Three interesting things - 20231213
Interactive visualization of LLM architectures
https://bbycroft.net/llm by Brendan Bycroft
This is a really cool visualization! It does not only allow you to explore the architecture with zoom & rotation, but also has a detailed explanation of how information flow through the network, with a high-quality animation. Although it still requires some time to understand what’s going on in the visualization, it is extremely well done.
You can also check out source code: https://github.com/bbycroft/llm-viz
Pre-registration for predictive modeling
An interesting proposal to pre-registering predictive modeling (research) by @jakehofman et al.
https://arxiv.org/abs/2311.18807
Why do you need this? Although predictive (vs. explanatory) modeling is less prone to p-hacking due to the requirement to test on out-of-sample data, there are still many factors and choices that can make it vulnerable.
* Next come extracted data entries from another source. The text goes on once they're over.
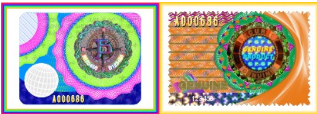
今達有限公司 印刷服務展區 展位: 3-B20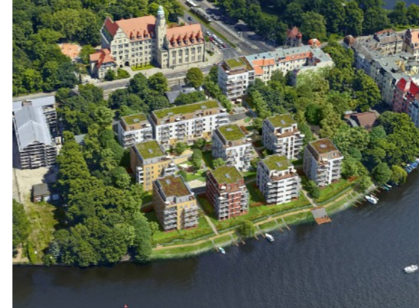
UFERKRONE, Berlin-Köpenick Zeitraum: 2013 - 2014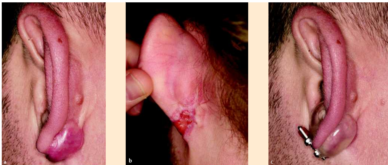
Abb. 9 a Keloid nach Ohrlochstich, b Zwei Wochen nach Planierung des Keloids mit dem CO 2 -Laser, teilweise Epithelisierung, c nach erfolgter Wundheilung Rezidivprophylaxe mit Ohrclip (Austernschalenepithetik).

Material selbst. Es kommt hierbei vermutlich zu einer verminderten Durchblutung und Angiogenese und somit reduzierter Kollagensynthese. Eine Änderung des Gewebedrucks, der Sauerstoffspannung oder Abgabe von Silikon in das Narbengewebe scheinen keine Rolle zu spielen.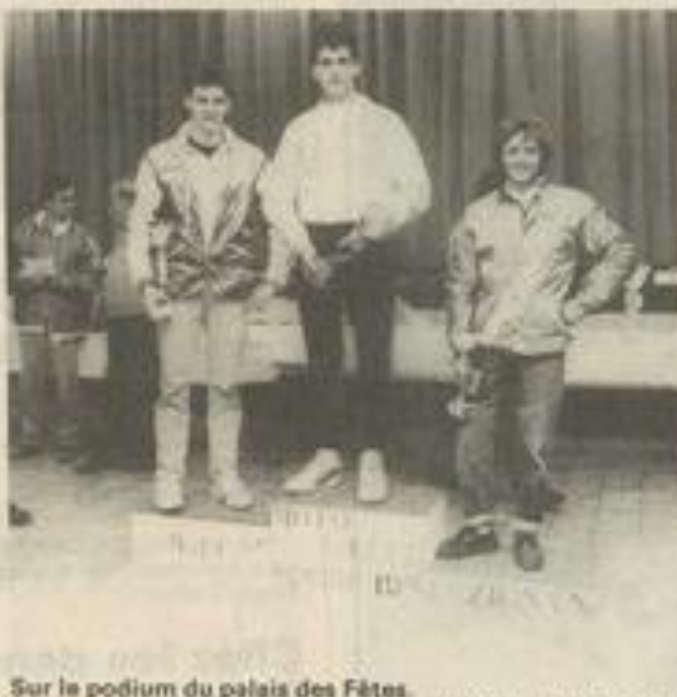
Sur le podium du palais des fêtes.

La remise des prix de cette compétition se déroulait en fin d'après-midi au Palais des fêtes.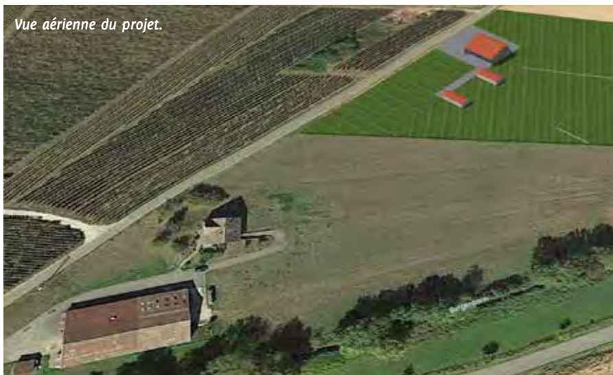
Vue aérienne du projet.

Les poulaillers devraient accueillir les premières occupantes au printemps 2020, puis ce sera au tour des agneaux. Entre la construction des bâtiments, l'arrivée des bêtes, la mise en place d'un centre de tri et de qualibrage des œufs, l'année 2020 s'annonce particulièrement active, d'autant que Marie est l'heureuse maman de la petite Léonie depuis le 10 novembre !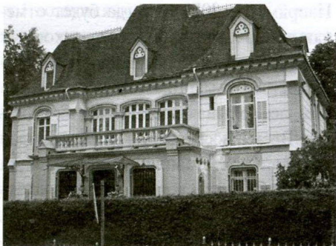
Вилла И. С. Тургенева в Баден-Бадене, Германия

тором» празднования тургеневского юбилея в столице. Не все предложения Тургеневки и Тургеневского общества были приняты Департаментом культуры. Так, московскими властями не была поддержана идея проведения праздничного литературно-музыкального концерта в большом концертном или театральном зале в центре Москвы, как это бывало в советское время. Например, в Колонном зале Дома Союзов, бывшем Благородном (Дворянском) собрании, где Тургенев 7 июня 1880 г. выступал со своей знаменитой речью в дни открытия памятника Пушкину на Тверском бульваре. Конечно, времена, когда подобные концерты устраивались в Большом театре, давно миновали. Но неужели русские литераторы, чьи юбилеи отмечались в последние полтора десятилетия (Гоголь, Гончаров, Лермонтов и другие), не заслуживают торжественного вечера в столичном концертном зале? Можно только сожалеть, что эта традиция ушла из нашей общественной жизни.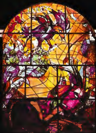
Витраж Марка Шагала в синагоге Медицинского центра Иерусалима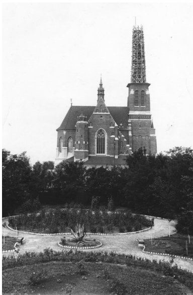
Polska, woj. wołyńskie, Kowel. Kościół Pomnik Krwi i Chwały św. Stanisława Biskupa Męczennika (przełom lat 20. i 30. XX w.; podczas budowy).

Przełożeni skierowali go na probostwo w Grodzisku Mazowieckim, a następnie w Nowym Dworze koło Warszawy. Wreszcie w maju 1930 r. przeniesiono go na Wołyń. Wykładał w Seminarium Duchownym w Łucku, a w 1931 r. został proboszczem w Kowlu. Wówczas właśnie powstała praca Przyczynek do historii męczeństwa Kościoła rzymsko-katolickiego w diecezjach kamienieckiej i łucko-żytomirskiej (1863-1930) . Dzięki jego staraniom dokończono w Kowlu budowę świątyni Pomnik Krwi i Chwały św. Stanisława Biskupa Męczennika. Dziś kościół ten już nie istnieje, bo został rozebrany po II wojnie światowej.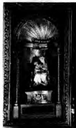
Jedno ze zdjęć pokazanych na wystawie.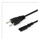
Cavo d'ingresso con spina Europa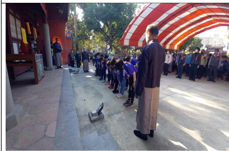
110. 12. 07 敦源祭孔健行闖關活動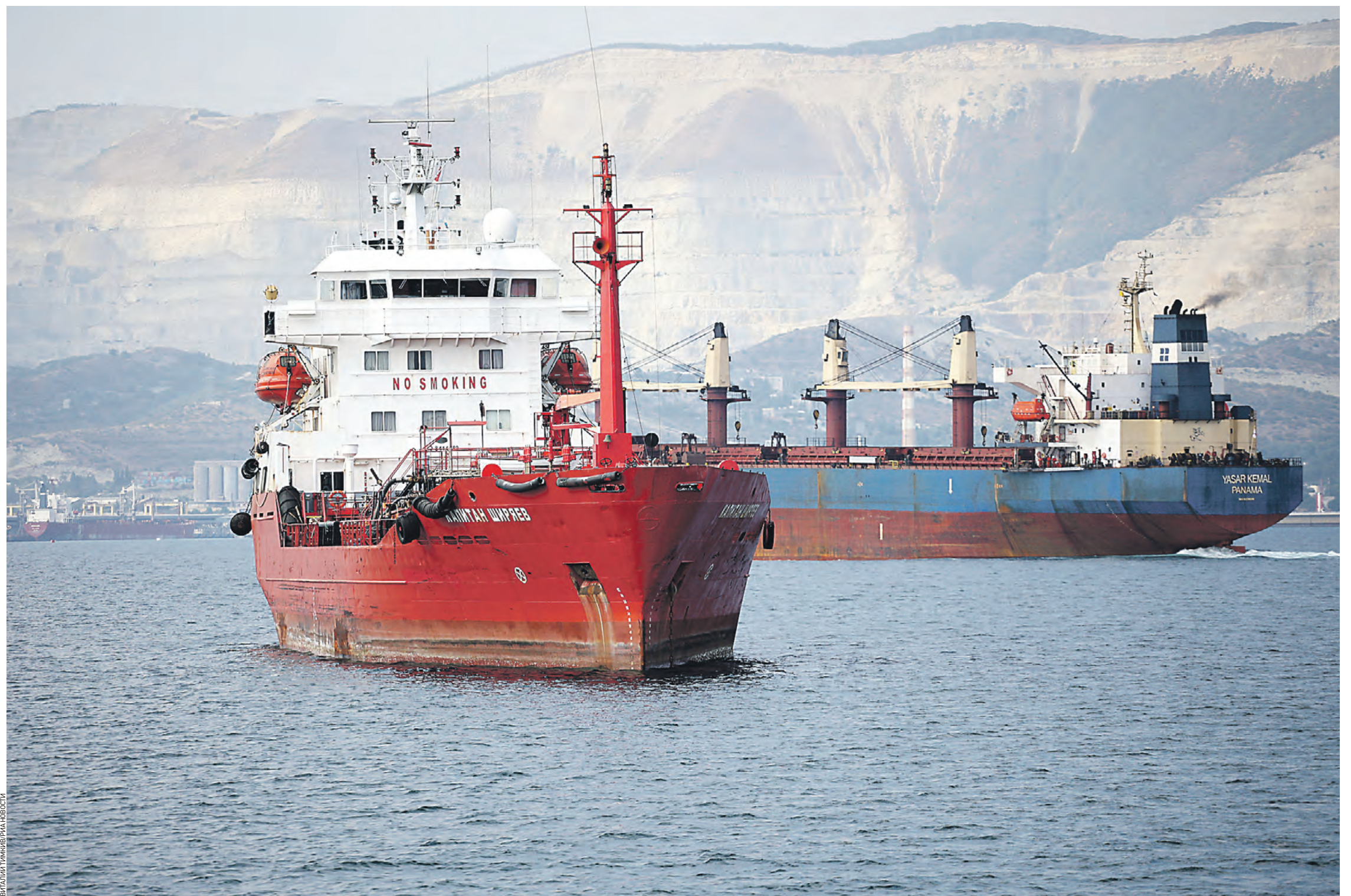
11 августа. Танкер «Капитан Ширьев» и сухогруз Yasar Kemal стоят на рейде в Цессемской бухте

Нефтегазовые доходы российского бюджета к сентябрю превысили показатели за аналогичный период прошлого года, когда санкции на нефть еще не вступили в силу, а мировые цены были гораздо выше. Правда, рост доходов исчислялся в рублях и отчасти объяснялся еще и значительной девальвацией российской национальной валюты по сравнению с прошлым годом. В том же сентябре, а также в октябре рубль упал до отметки 100 рублей за доллар и даже больше, что хуже показателей прошлого года примерно на 40 процентов. Хотя для российского бюджета это позволило выполнять все социальные обязательства, которые, как известно, тоже исполняются в рублях. В экономике нет знака равенства между девальвацией валюты и ростом инфляции, хотя опосредованная связь, безусловно, есть.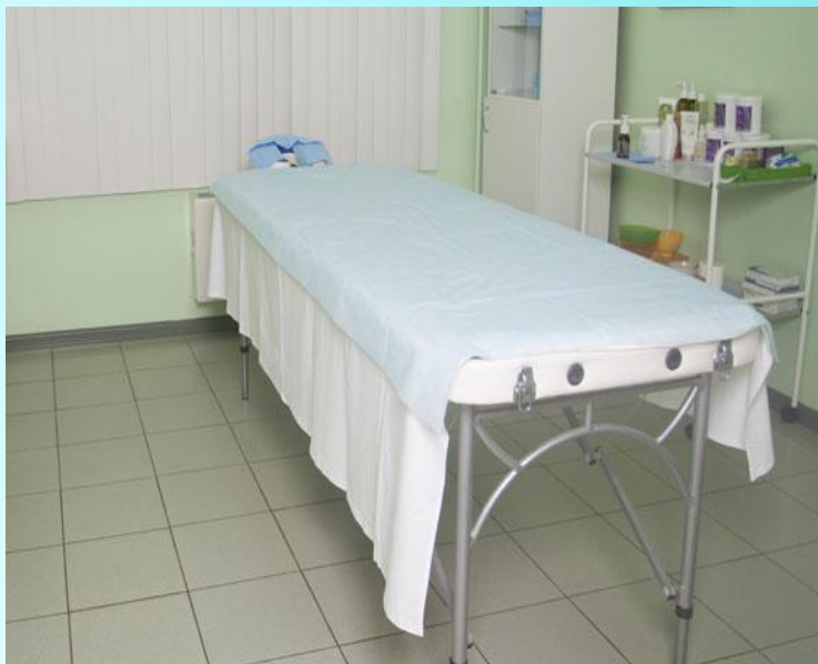
Рис.13. Кабинет массажа

Many predictive modeling tasks not only involve a lot of potential predictors but also require exploratory data analysis (EDA) and iterative model updates to arrive at good models. This can sometimes lead to overfitting and inappropriate re-use of data. Furthermore, there are still lots of researcher-degree-of-freedom like the choice of evaluation metrics, hyperparameters, etc.
The key idea from this paper is to do a two-step pre-registration: the first at the time of declaring the problem and the second after finishing the training of the model (with the model details and evaluation criteria). The first step would help clarifying and setting the problem concretely and the second step can ensure good generalizability.
llamafile
llamafile is a project by Mozilla Ocho (“Innovation and Experiments @ Mozilla”) that aims to distribute LLMs (and beyond?) as a highly-optimized single executable. First heard from Simon Willison but Kevin’s post finally nudged me to try it out.
I tried on my MacBook Pro and the ease and speed is impressive! You can run 7B parameter models no problem.